Your goal: Pictures aside, every line of the listing should be given again exactly.

Input data:
_____
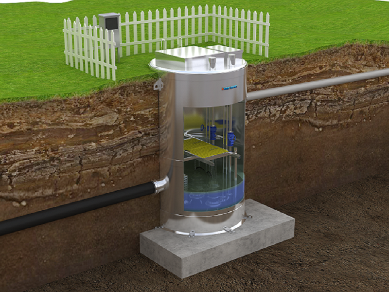 湿井泵站通过自动耦合装置将泵固定在井简底部,泵完全浸没在介质中,内部可配置检修平台,便于维护水泵及阀门组。所有部件全部在工厂内制作完成及测试,使现场安装时间最小化。适用于水泵功率最高达220KW,最多4台泵的自耦立式预制安装。
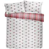 Created in super soft 100% brushed cotton and featuring a contemporary winter robin design on the front side and a striking tartan check design in complementary colours to the reverse, this duvet set will make any bed wonderfully warm and inviting and see you through the winter months in comfort and style.
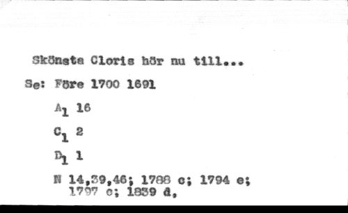 Skönatö Cloris hör nu tili.,* S©î Före 1700 1891 //// H iß //// Cl 2 \ 1 //// H 14,39,46; 1788 c; 1794 e; 1797 c; 1839 à.
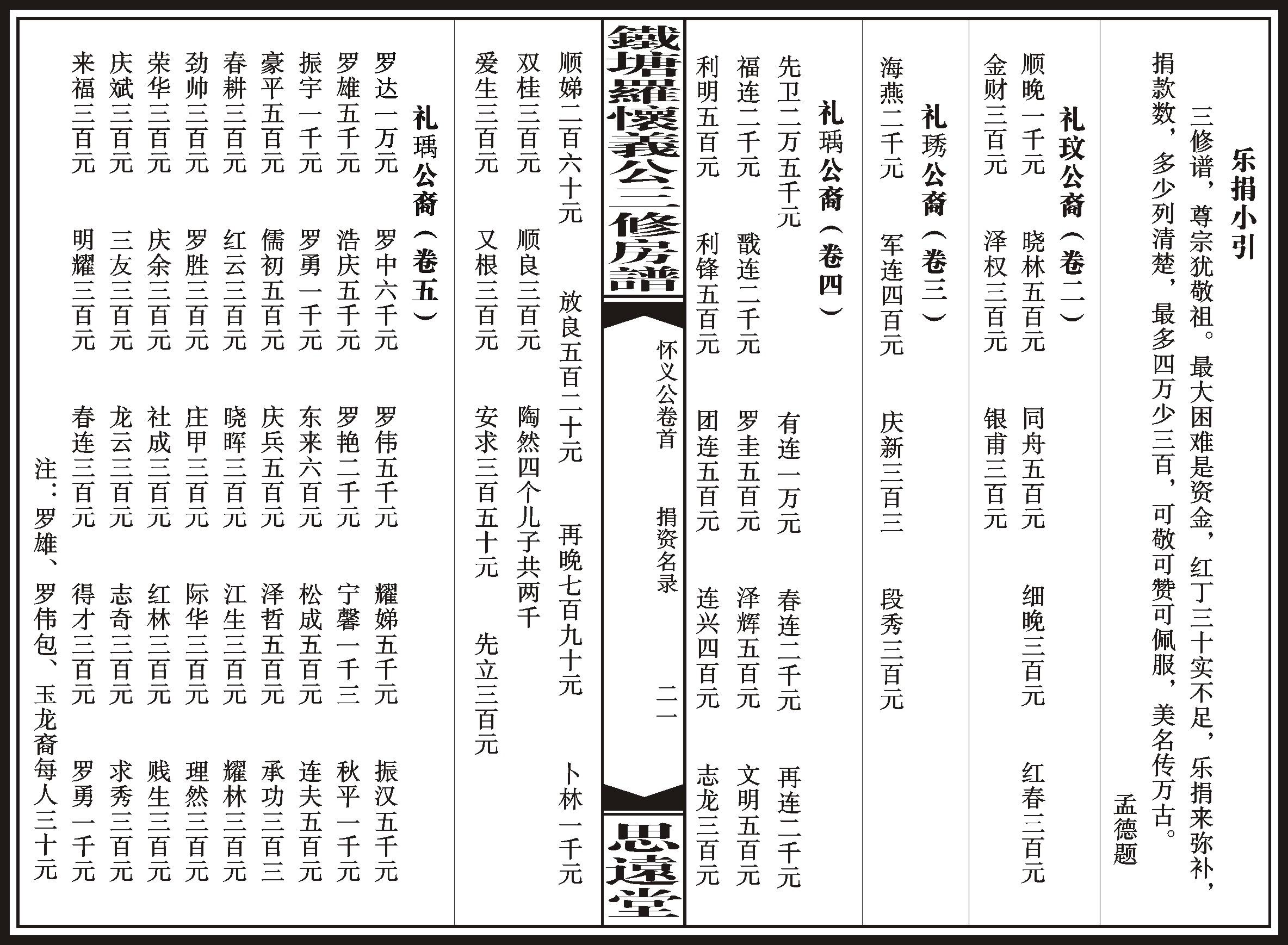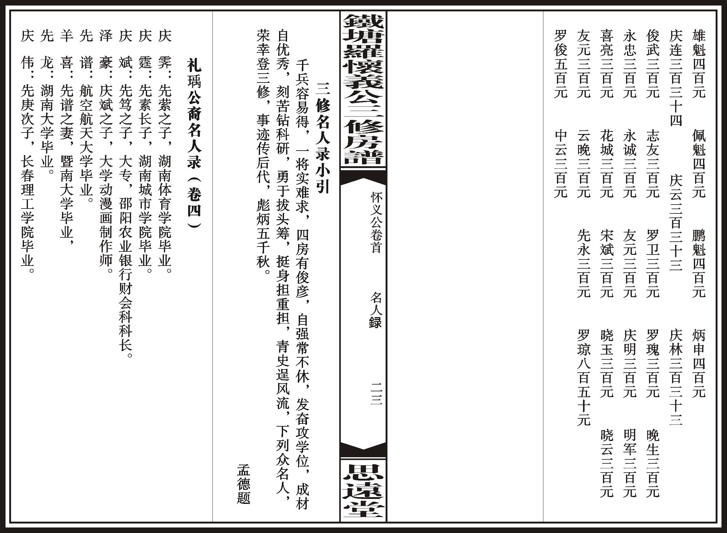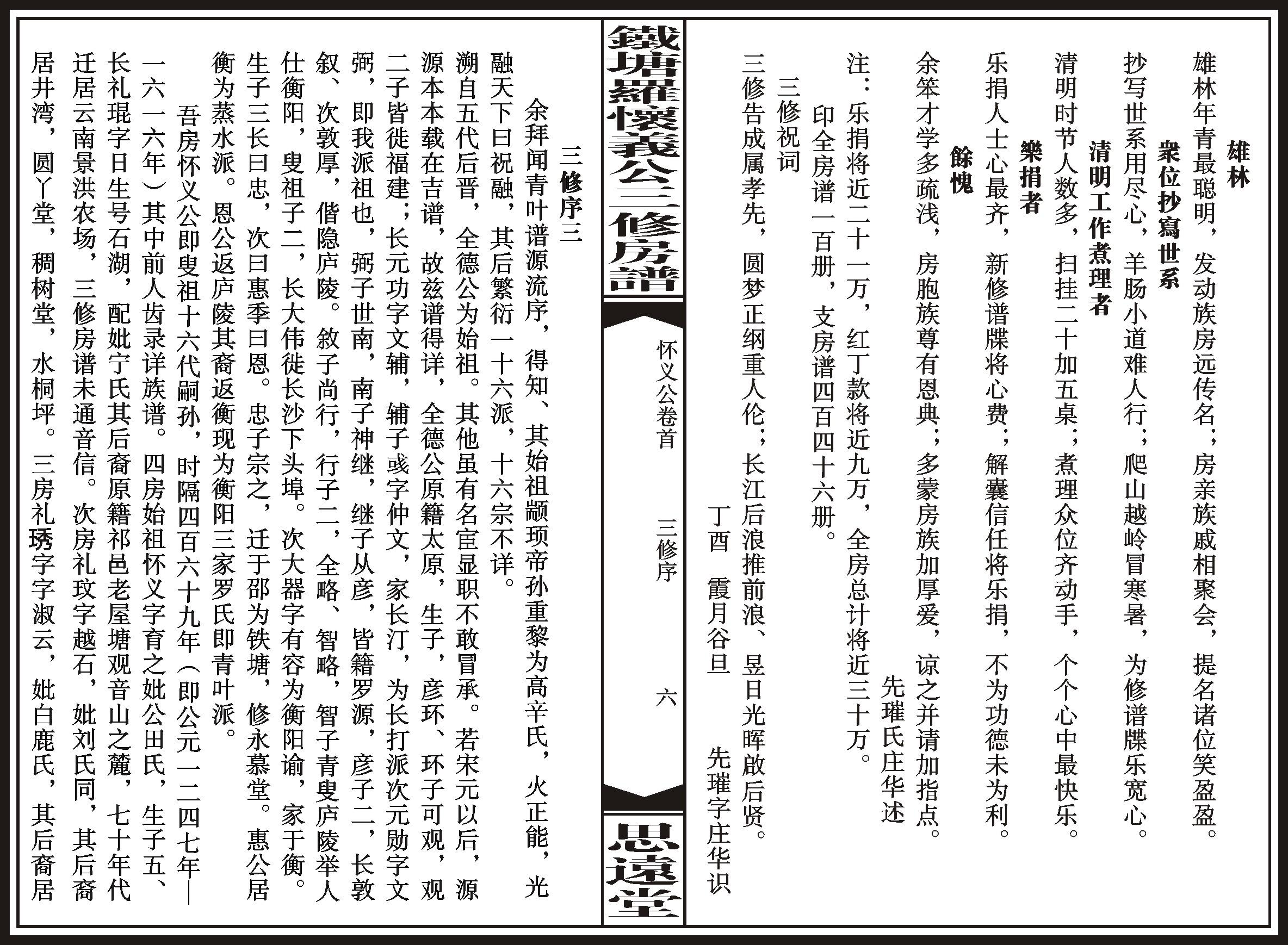 《铁塘罗氏四房怀义公三修房谱 卷首》
_____
Result:
 湿井泵站通过自动耦合装置将泵固定在井简底部,泵完全浸没在介质中,内部可配置检修平台,便于维护水泵及阀门组。所有部件全部在工厂内制作完成及测试,使现场安装时间最小化。适用于水泵功率最高达220KW,最多4台泵的自耦立式预制安装。
 Created in super soft 100% brushed cotton and featuring a contemporary winter robin design on the front side and a striking tartan check design in complementary colours to the reverse, this duvet set will make any bed wonderfully warm and inviting and see you through the winter months in comfort and style.
 Skönatö Cloris hör nu tili.,* S©î Före 1700 1891 //// H iß //// Cl 2 \ 1 //// H 14,39,46; 1788 c; 1794 e; 1797 c; 1839 à.
 《铁塘罗氏四房怀义公三修房谱 卷首》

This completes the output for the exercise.